Hierarchical ordering of reticular networks

TL;DR

This paper introduces a generalized Horton-Strahler ordering scheme for weighted planar reticular networks, enabling hierarchical analysis of networks with loops, with applications to biological systems like leaf venation.

Contribution

It extends the classical ordering method to loop-containing networks and provides a theoretical analysis of its sensitivity to weight changes.

Findings

Successfully assigns hierarchical levels to loops and edges in reticular networks.

Differentiates between reticular and tree edges in the network.

Demonstrates applicability to biological networks such as leaf venation.

Abstract

The structure of hierarchical networks in biological and physical systems has long been characterized using the Horton-Strahler ordering scheme. The scheme assigns an integer order to each edge in the network based on the topology of branching such that the order increases from distal parts of the network (e.g., mountain streams or capillaries) to the "root" of the network (e.g., the river outlet or the aorta). However, Horton-Strahler ordering cannot be applied to networks with loops because they they create a contradiction in the edge ordering in terms of which edge precedes another in the hierarchy. Here, we present a generalization of the Horton-Strahler order to weighted planar reticular networks, where weights are assumed to correlate with the importance of network edges, e.g., weights estimated from edge widths may correlate to flow capacity.

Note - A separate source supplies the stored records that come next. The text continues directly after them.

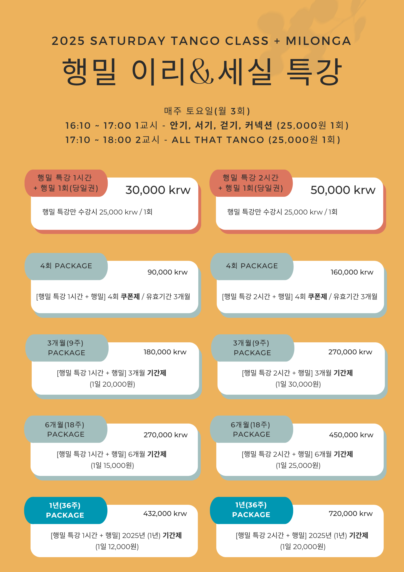 1년권으로 참여하시는 분들은 밀롱가비만으로 행밀 특강 1시간이 포함되는 파격적인 혜택이 있으니 많이 참가해 주세요!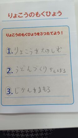 宿泊体験学習に行く前に、皆で【りょこうのもくひょう】を立てました。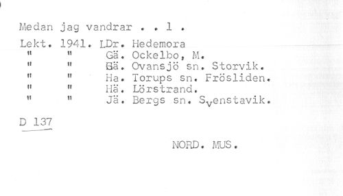 //// Medan jag vandrar . . 1 . //// Lekt. 1941. LDr* Hedemora //// " " Gä. Ockelbo, M. //// " " Bä. Ovansjo sn. Storvik. //// " " Ha. lorups sn. Frosliden. //// " " Hä. Lörstrand. //// " " Ja. Bergs sn. S^enstavik. //// D 137 //// NORD. MUS. ////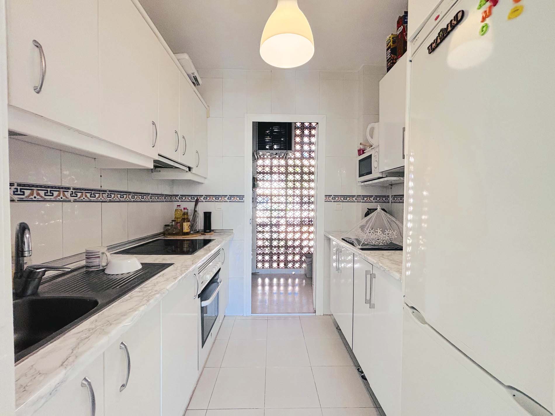 En la primera planta se encuentra el salón con comedor que da a una bonita terraza orientada al suroeste con bonitas vistas al campo de golf. La cocina está al lado, totalmente equipada con electrodomésticos. Hay dos dormitorios y un baño con bañera.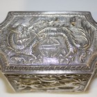A Chinese white metal box with hinge lid, embossed with dragons, bats, flowers and shou medallions, length approx 10cm.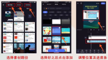 点击剪辑按钮,这里可以给视频添加画中画。素材可以添加手机相册中的图片或视频,也可以添加素材库中的图片、视频,这里也可以添加百度网盘里的素材内容。选择好素材点击“添加”即可,长按视频中添加的画中画素材可以随意调整图片的大小和位置。拖动下方的进度条可以调整画中画素材的长度。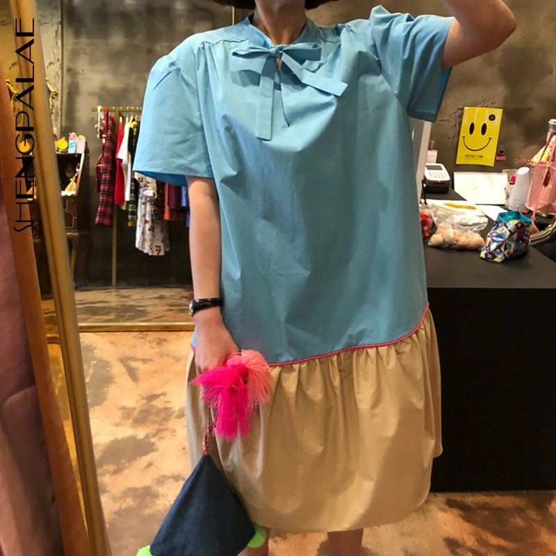 SHENGPALAE 2020 новое летнее женское винтажное свободное приталенное платье с высокой талией, элегантное платье макси с пышными рукавами, хит продаж, ZA3660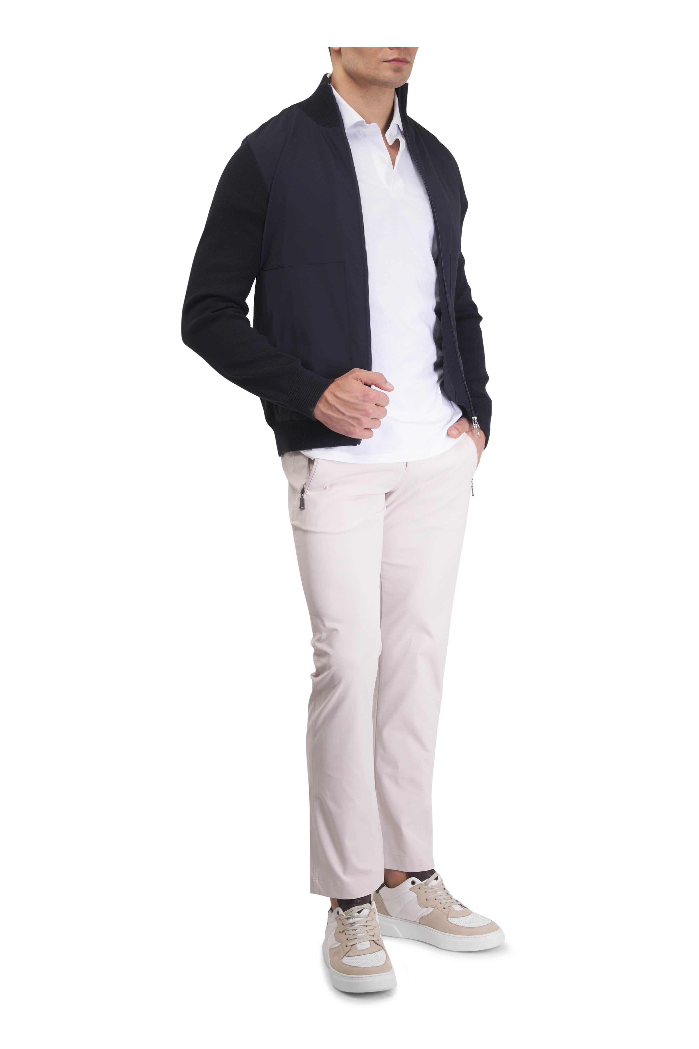 White Stretch Cotton Knit Polo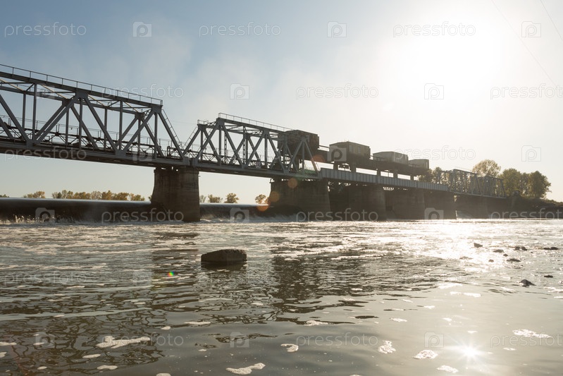 Плотина тепловая станция на реке с железнодорожным мостом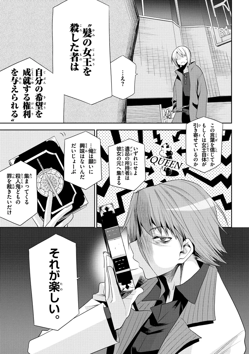 君を切りたい。 「女の子の髪を切りたい」趣味の少年・灰村切は学校帰りに偶然立ち寄った洋館で、長く美しい髪の少女・武者小路祝と出会う。切の鋏が「切れないはず」の彼女の髪を切ってしまい、殺害遺品(キリンググッズ)の物語は動き出す――。 殺人鬼の血を受け継ぐ少年少女たちのラブ・バトルストーリー!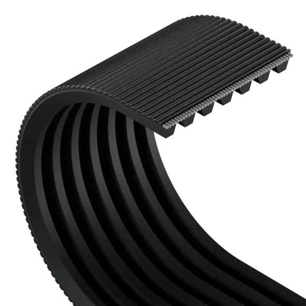 Ein Verbundkeilriemen besteht aus mehreren Keilriemen. Der Riemenverbund hat eine hohe Laufruhe – er absorbiert Schwingungen, die durch Stoßbelastungen oder hohe Achsenabstände entstehen.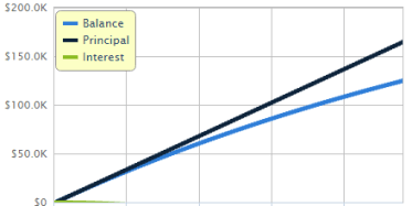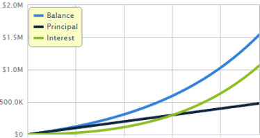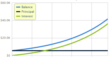 See the green interest line above? As time goes on, the interest earned on your investment accumulates more each year due to compounding and creates an exponential (not linear) growth effect.
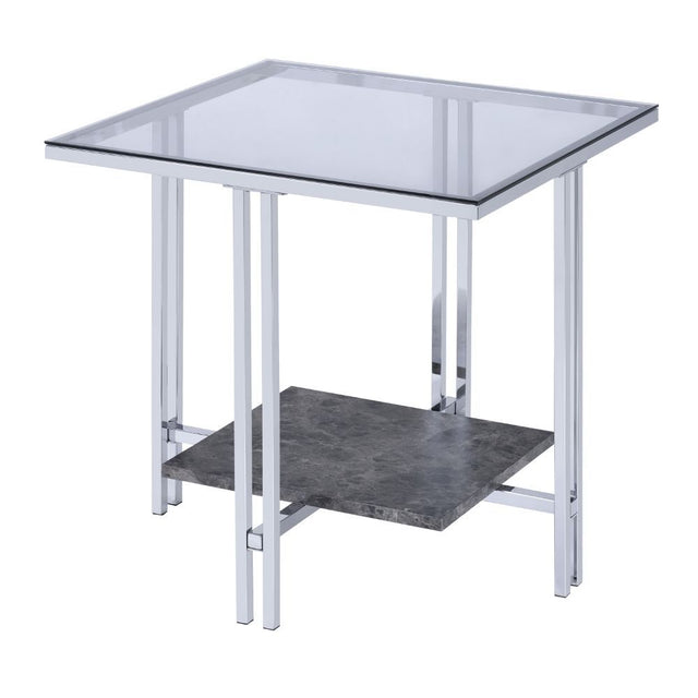 KD, Rectangular End Table • Storage: Open Compartment (1 Wooden Shelf, Fixed) • Features: Glass Top, Faux Marble Shelf, Metal Leg Base (Open Base) •• CONSTRUCTION •• TOP) GLASS: 5mm (NO Apron) • SHELF) Faux Marble: Paper Veneer, PB () • BASE) Metal Straight Leg: Chrome Finish, Metal Tube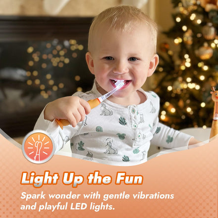 • 【Make Brushing Fun with Ruby】Featuring a cute reindeer design, the Ruby toddler toothbrush brings your child’s imagination to life and makes brushing truly fun! The built-in LED light adds a magical glow that keeps kids interested and helps parents see inside their little one’s mouth. Turn brushing time into a joyful daily routine with mom or dad!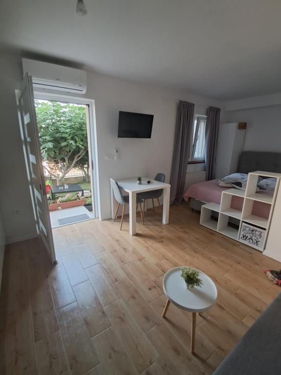 Stanovanje se nahaja v bližini glavne ceste, tam je tudi bencinska črpalka in večja trgovina. Okolica je mirna in prijetna za bivanje, v bližini je Vransko jezero in iz apartmaja lahko vidite jezero. Do centra mesta in plaže je približno 10 minut hoje.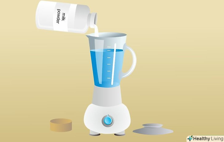 Візьміть одну склянку сухого молока і повільно додайте його в блендер. Змішайте, як слід. Повторіть це для інших трьох склянок, так щоб все було перемішано після кожного додавання склянки.
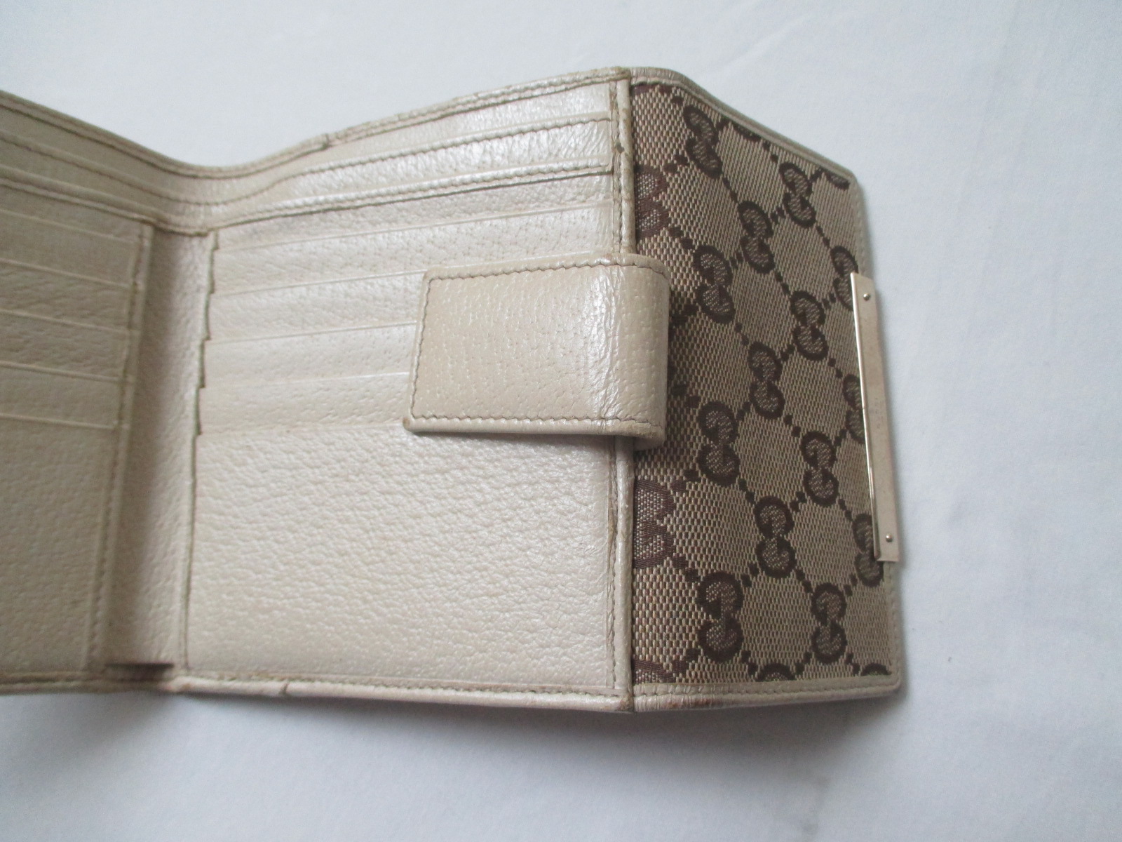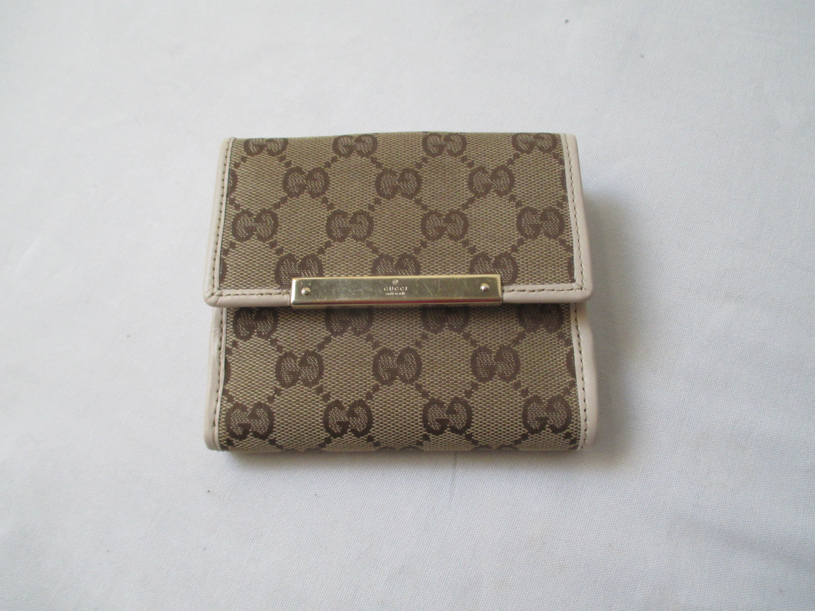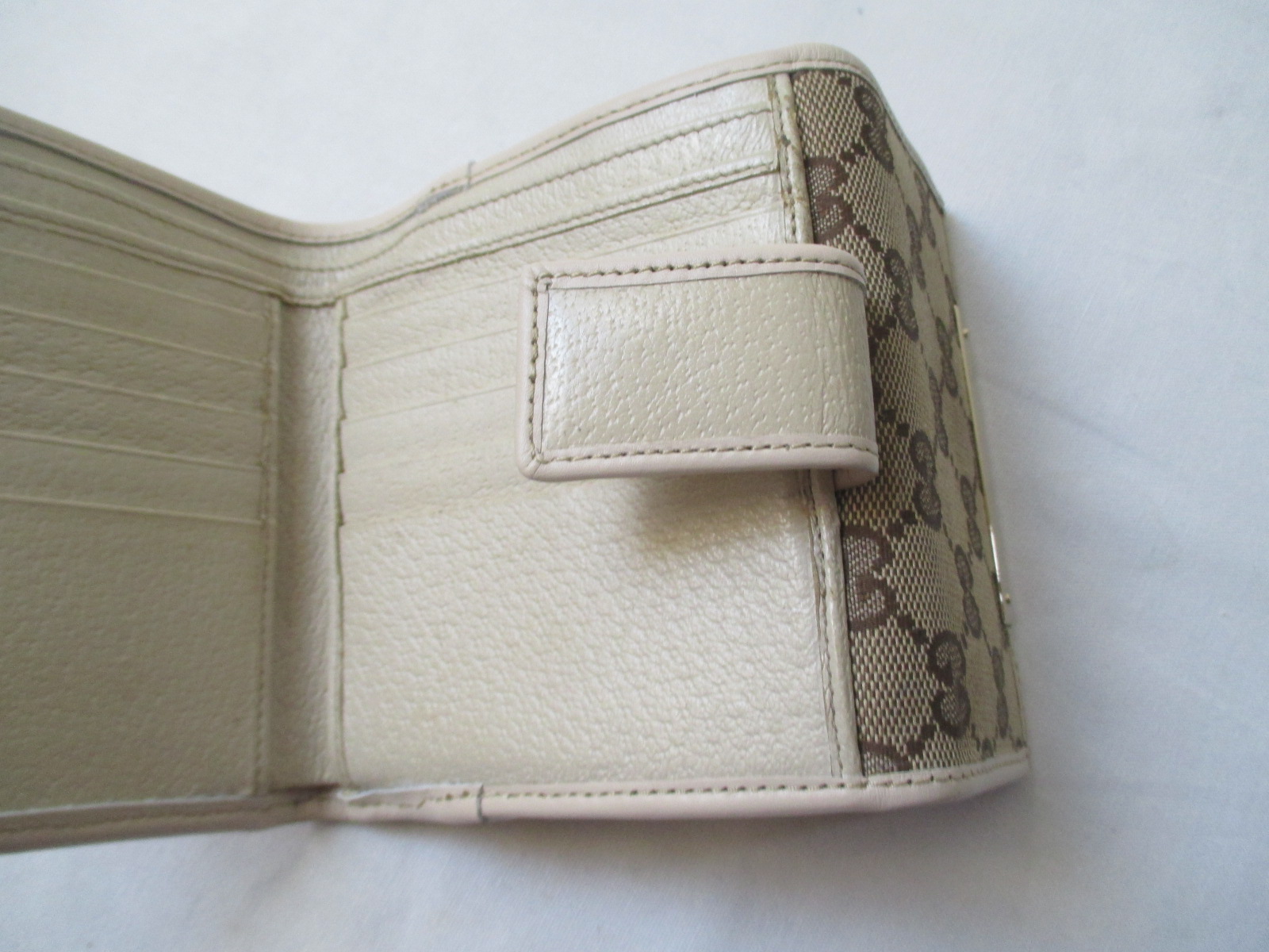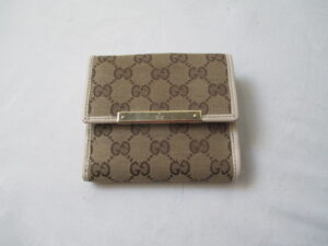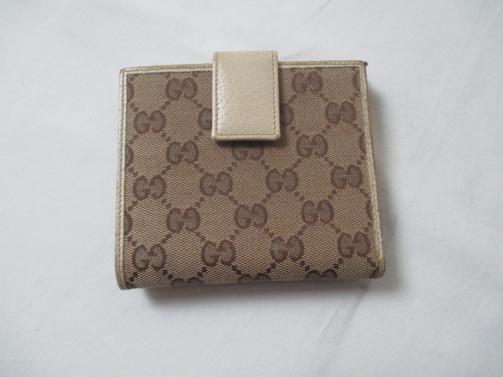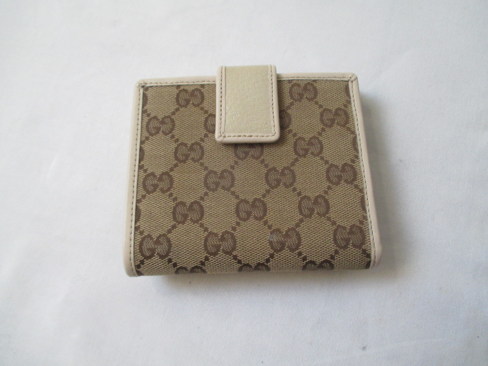 GGマークのキャンバス生地に周りが革巻きされた財布になります。

Our method assigns hierarchical levels not only to edges of the network, but also to its loops, and classifies the edges into reticular edges, which are responsible for loop formation, and tree edges. In addition, we perform a detailed and rigorous theoretical analysis of the sensitivity of the hierarchical levels to weight perturbations. We discuss applications of this generalized Horton-Strahler ordering to the study of leaf venation and other biological networks.